Originally published on devineteawriting.wordpress.com

I have loved Harry Potter ever since I first read about the boy under the stairs. Hermione taught me being a bookworm was cool, and gave me my first introduction to social justice (leaving SPEW out of the movies was a travesty). Harry turned me into the sarcastic adult I am now (It’s a tie between ‘There’s no need to call me ‘sir,’ professor’ and ‘That’s my nickname’ [re: Roonil Wazlib] for what will be written on my tombstone), and Ron showed me how to be an individual, and how to feel like a king (or queen!). So, when Pottermore came out, I was so excited to be sorted.
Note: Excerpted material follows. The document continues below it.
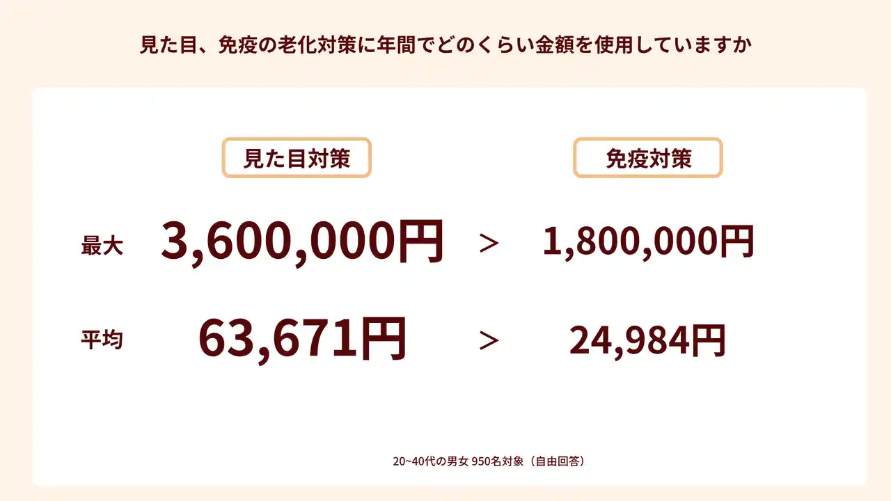 ●一方、外見、免疫、それぞれの老化対策に年間で費やしている費用を聞いたところ、平均金額の比較で外見の対策(63,671円)には免疫の対策(24,984円)の約2.5倍にあたる費用を費やしていることがわかった。 |

Buzzfeed quizzes are amazing, but to have a canon house… well, it was the most exciting thing since “Not my daughter, you bitch!”

I went through every chapter until I could finally get to the Sorting Hat, took the quiz and got… Slytherin. I was heartbroken. I thought I would be a Hufflepuff, for sure, but the hat had spoken. I was the bad house. I was a Malfoy, a Pansy Parkinson, a person who was away during the Battle of Hogwarts. Fortunately, not that much of my identity was tied up in this, and it simply became a fun topic of conversation, when friends compared houses and I was a Slytherin.
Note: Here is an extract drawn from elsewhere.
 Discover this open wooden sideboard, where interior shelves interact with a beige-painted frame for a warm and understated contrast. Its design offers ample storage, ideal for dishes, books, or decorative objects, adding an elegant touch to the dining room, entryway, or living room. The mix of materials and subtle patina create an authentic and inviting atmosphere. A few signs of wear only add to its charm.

Years passed, and in grad school I was inspired to try the Pottermore test again, due mostly to procrastination and boredom. I searched deep in my soul for the answers to the questions the Sorting Hat presented me, and again- I was a Slytherin. Something had changed, though, since 2011 when I took the test for the first time. I had grown as a person, stopped being a Snape apologist (a dark time in my life, to be sure), and grown a more critical view of media, including my beloved Harry Potter. Now, I am proud to be a Slytherin. I am an ambitious and cunning person, and just because J.K. wrote the house in such a one dimensional way, doesn’t mean that’s how we have to interpret it.
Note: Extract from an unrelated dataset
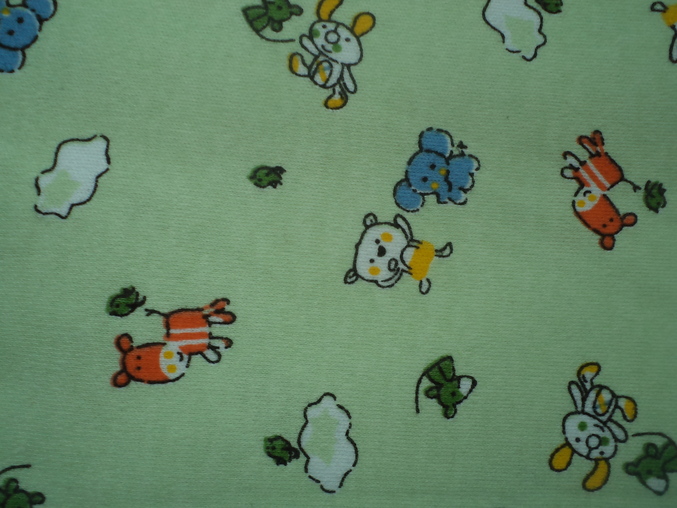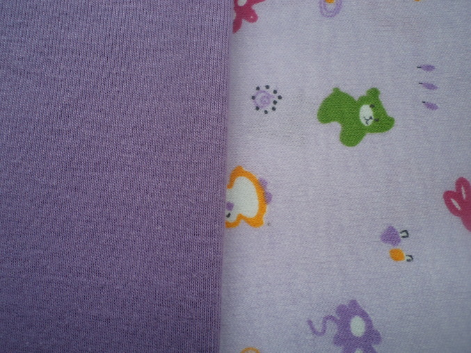 на легкую пижаму подойдёт интерлок-гладкий трикотаж без начеса на изнанке.Цвета есть такие. САмый тонкий голубой и салатовый с мелкими зверушками,салат однотонный чуть плотнее. А остальные еще чуть потолще.

Recently, I’ve been playing a lot of the app “Hogwarts Mystery,” and I of course told the Sorting Hat I wanted to be in Slytherin. While the game itself is lackluster, it’s fun to see the areas of Hogwarts I’d only ever imagined, and the Slytherin common room was a nice design, with the lake outside and crackling fire. Your character can even get a line about thinking it’s sad that people view Slytherin as all bad news! And then, the weirdest thing happens. If you don’t have a high enough courage level for a particular mission, a conversation with your prefect goes quite wrong. You’re plotting against Gryffindor, and your previously very supportive prefect snaps at you, saying that he can’t believe you’d been put into Slytherin, you’re a shame to your house, and that he would do anything for the house, unlike you.
I was actually a little disappointed (before remembering that this wasn’t real life). Why is it, so many years later and after so much criticism of this lackluster writing, that Slytherin is still just the big meanies? This gets at an issue of characterization that not just Harry Potter falls victim to; it’s a trope in many a novel. When you create a group that your antagonist hails from, they shouldn’t be a faceless and mono-trait group. Even having one exception from the rule isn’t enough. It isn’t realistic, and isn’t a particularly interesting plot device. Your antagonists should be varied and diverse, and there shouldn’t be a a Bad Guy Central™ without some serious world building that makes it a unique and interesting setting.